Things didn't break.  No dependency hell.  Shortly after, Fedora was
nuked and both desktop and laptop were on 4.4.  Today both machines have
gone through the upgrade cycles are at 4.7, quite happily.

My new desktop (the old one is now the home router, DVD burder,
Azureus download box, and has my 80gig mass storage drive; it has 5.2 as
of this morning.

What do I think of non-EL distros?

I'm glad I'm not having to curse for weeks every six months when I have
to upgrade, that's what I think of them.

And I'm a desktop user.  No servers per se.

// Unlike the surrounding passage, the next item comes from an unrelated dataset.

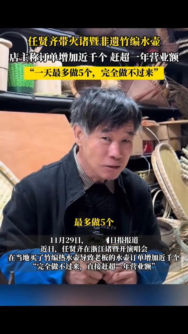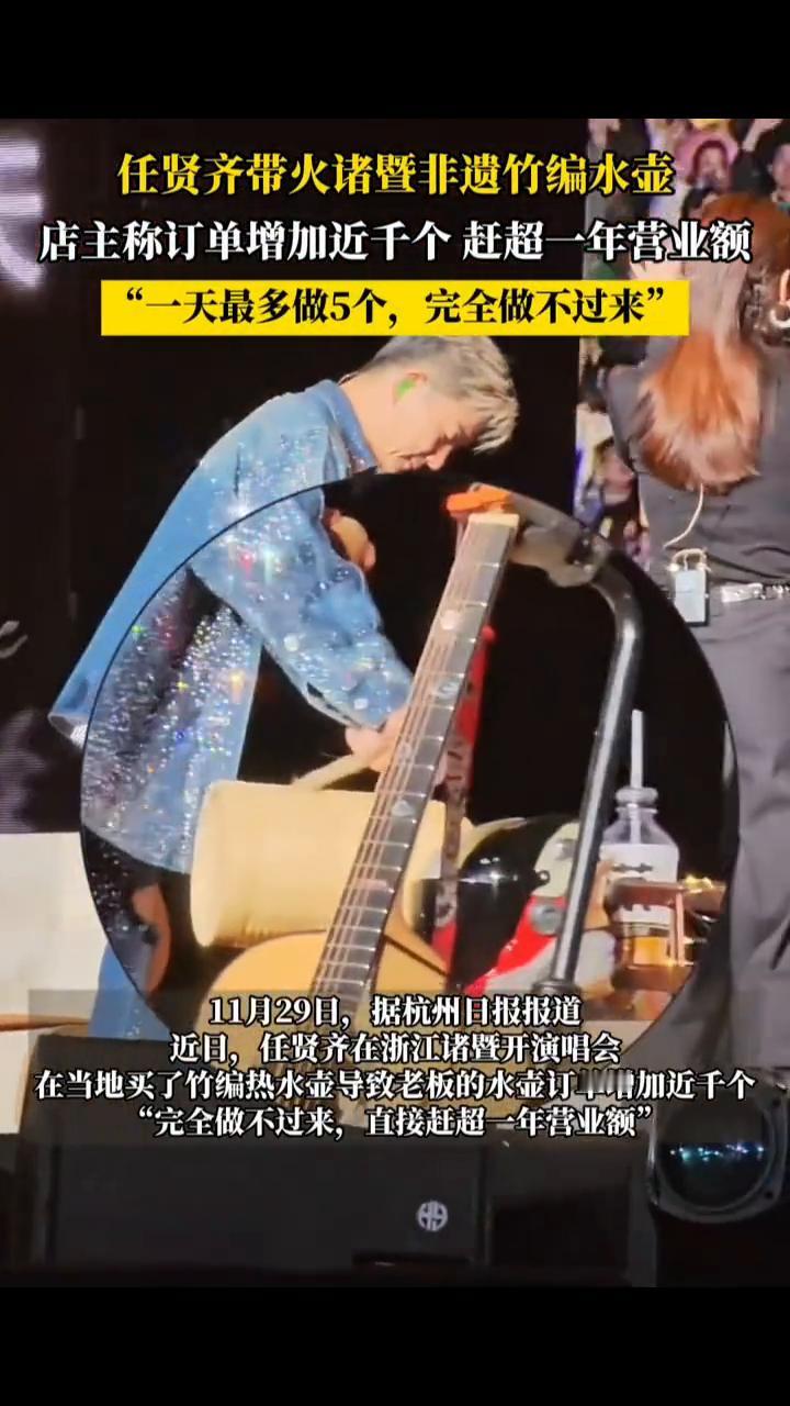 任贤齐带火诸暨非遗竹编水壶,店主称订单增加近千个,赶超一年营业额。 11月29日,据杭州日报报道,近日任贤齐在浙江诸暨开演唱会,在当地买了竹编热水壶导致老板的水壶订单增加近千个。 "一天最多做5个,完全做不过来"。 最多做5个,一下子肯定要有了。 每天(有顾客)电话打来。 任贤齐,1966年6月出生于台湾省,中国台湾歌、影、视三栖艺人。1990年发行音乐合辑《奔向彩虹》出道,1996年凭借《心太软》迅速走红,代表作品有《对面的女孩看过来》、《伤心太平洋》等。

Now I have to see if the new printer I got at Christmas will work
without major surgery, like it needed for the 4.6 desktop. :)  (I figure
HP gave the summer student who knows linux a pet project to make the
open source driver, and (s)he probably was using the latest drivers and
libraries while downing Jolt Cola. :) )

On Tue, 2008-06-24 at 10:40 -0700, John R Pierce wrote:
 Tony Mountifield wrote:
  I always get frustrated with apps requiring the latest and greatest
  versions of PHP, etc., before they are made available for the major
  distributions.
 
  Is it that the very newest feature is really indispensable and the app
  can't possibly make do without it, or just because the developer has the
  bleeding-edge version on his own box and doesn't make the effort to test
  his app with more mainstream versions?

 
 
 totally.  its the new/shiny syndrome.   more than once, I've found 1-2 
 simple 1-line fixes enabled a newer version of a given PHP app to run on 
 an older version of PHP.
 
 sadly, much of the OSS community seem to think that stable enterprise 
 distributions like RHEL and SuSE are evil incarnate, second only to 
 Microsoft (which they inevitably spell with a $).